Personal Data that we collect may be transferred to a third party if we undergo a merger, acquisition, bankruptcy, or other transaction in which that third party assumes control of our business (in whole or in part). Should one of these events occur, we will make reasonable efforts to notify you before your information becomes subject to different privacy and security policies and practices.
Security
We seek to protect Personal Data from unauthorized access, use, and disclosure using appropriate physical, technical, organizational, and administrative security measures based on the type of Personal Data and how we are processing that data.
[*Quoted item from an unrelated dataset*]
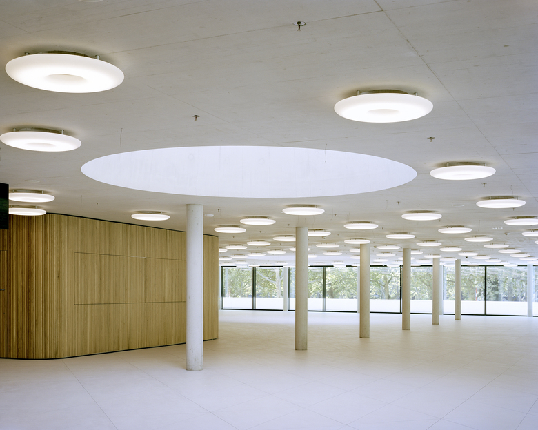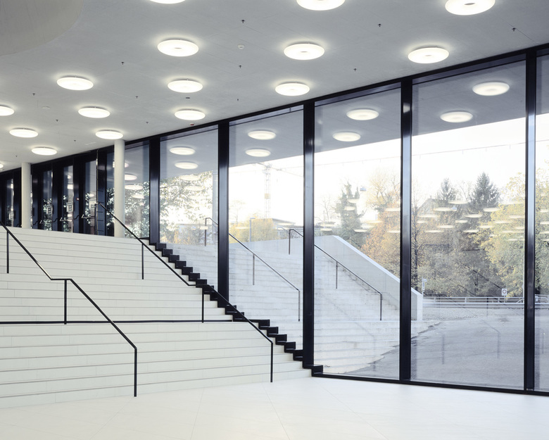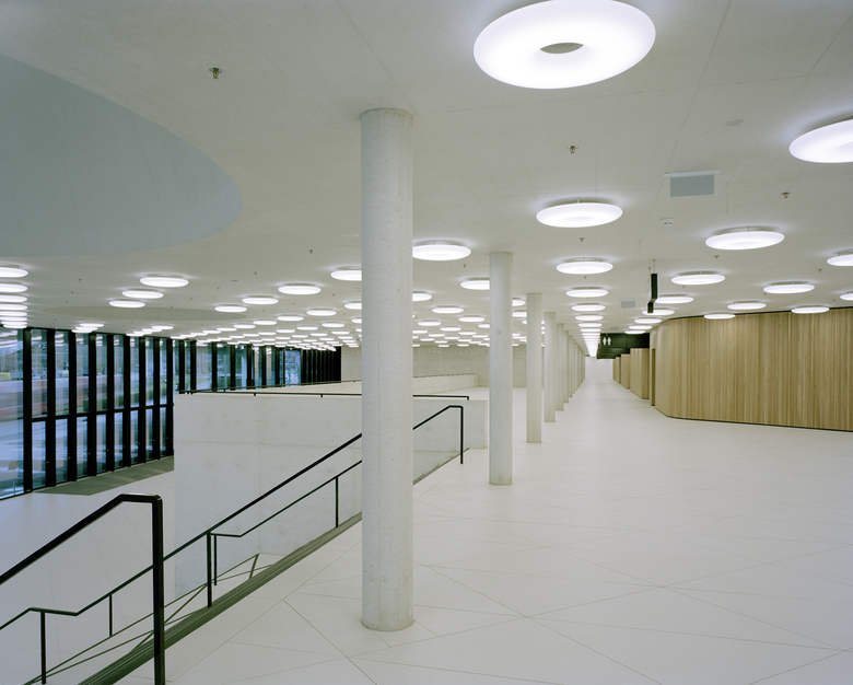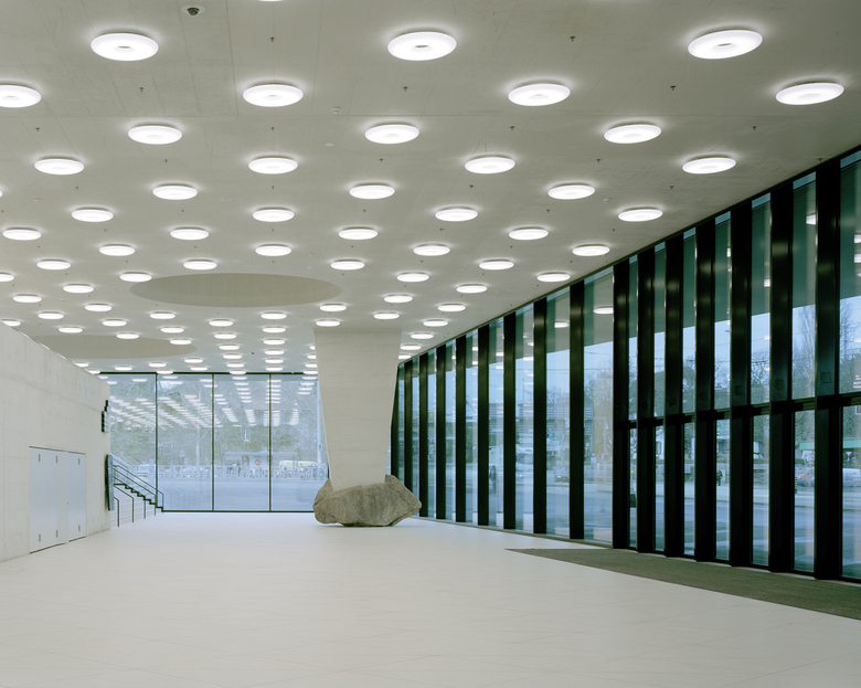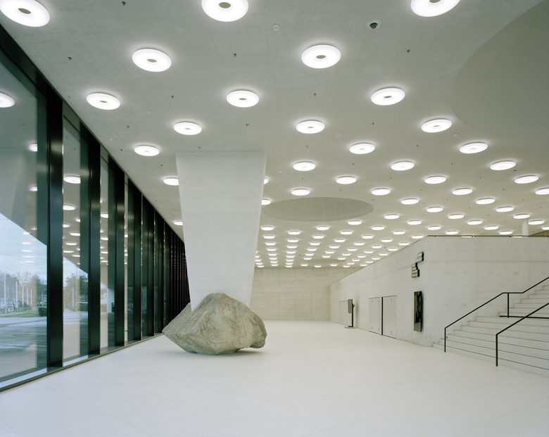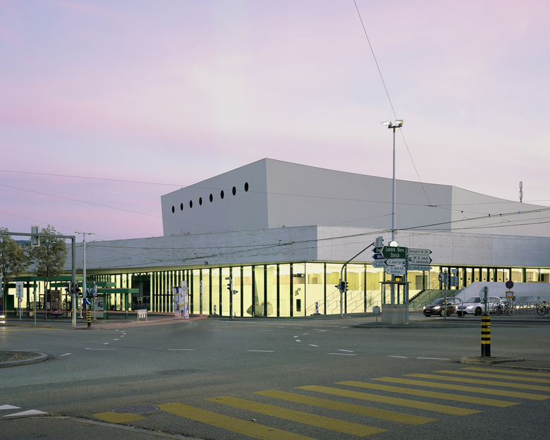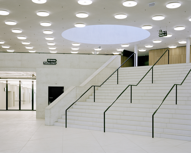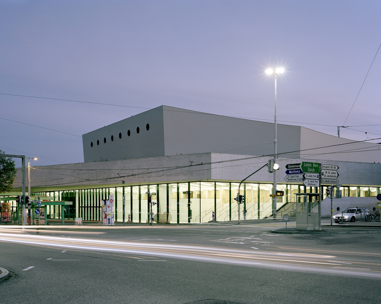 Mit dem Wettbewerb zur Sanierung der St. Jakobshalle bot sich die Chance, die seinerzeit vorbildliche Halle an heutige Anforderderungen anzupassen – eine Halle für multifunktionale Events wie Tennisveranstaltungen oder Konzerte mit hohem Publikumsaufkommen. Zentrales Anliegen des Wettbewerbsentwurfes war, den Charakter der brutalistischen Halle aus den 1970er Jahren zu erhalten. Es galt, den Bestand mit den Neubauteilen zu einer neuen, klaren und starken Identität zu entwickeln. Dabei wurden die Qualitäten des Bestandes erhalten. Durch die Eingriffe, wie z.B. die Verlegung des Hauptzugangs, wurden sowohl funktionale als auch architektonische Qualitäten gesteigert, was zu einem stimmigen Gesamtbild führt. Das Strassenniveau wird über den neu geschaffenen Platz bis ins Gebäude geführt. Das bestehende Dach der Eingangshalle wird auf derselben Höhe fortgesetzt und mit einer markanten Stirne gefasst. Damit können alle Lüftungs- und Entrauchungseinrichtungen verdeckt und in den Innenraum integriert werden. Grosse Kuppeln, die in die Foyerfläche eingestreut sind, erweitern den Raum nach oben und erzeugen einen hellen und imposanten Raumeindruck. Im Aussenraum bildet das neue Dach einen geschützten Vorbereich und im Inneren generiert es ein vergrössertes Foyer. Vor dem Gebäude entsteht ein grosszügiger neuer Platz, der für Grossereignisse mit 10.000 Zuschauern angemessen ist.

You should also help protect your data by appropriately selecting and protecting your password and/or other sign-on mechanism, limiting access to your computer or device and browser, and signing off after you have finished accessing your account. Although we work to protect the security of your account and other data that we hold in our records, please be aware that no method of transmitting data over the Internet or storing data is completely secure.
We retain Personal Data in accordance with the terms and conditions of the Terms of Service.
State Law Privacy Rights
California Resident Rights
The California Consumer Privacy Act (CCPA) allows you to make certain requests about your personal information, including the right to:
• Request details on the categories of personal information we collect or disclose about you.
• Access and receive a copy of your personal information.• Request deletion of certain personal information.
• Opt out of the sale of personal information (we do not sell personal information).
If you wish to exercise your rights, please contact us using the information below.
Nevada Resident Rights
If you are a resident of Nevada, you have the right to opt out of the sale of certain Personal Data. We do not sell Personal Data to third parties.
Contact Information
If you have any questions or comments about this Privacy Policy, the ways in which we access, collect, and use Personal Data, or your choices and rights regarding such access, collection, and use, please do not hesitate to contact us at:
Website: www.trybloom.app
Email: hello@trybloom.app
Changes to this Policy
If we decide to change our privacy policy, we will post those changes on this page. Summary of
changes so far:
Jan 13, 2025: First published.
Mar 31, 2025: Added details about how user approved health data is shared with APIs.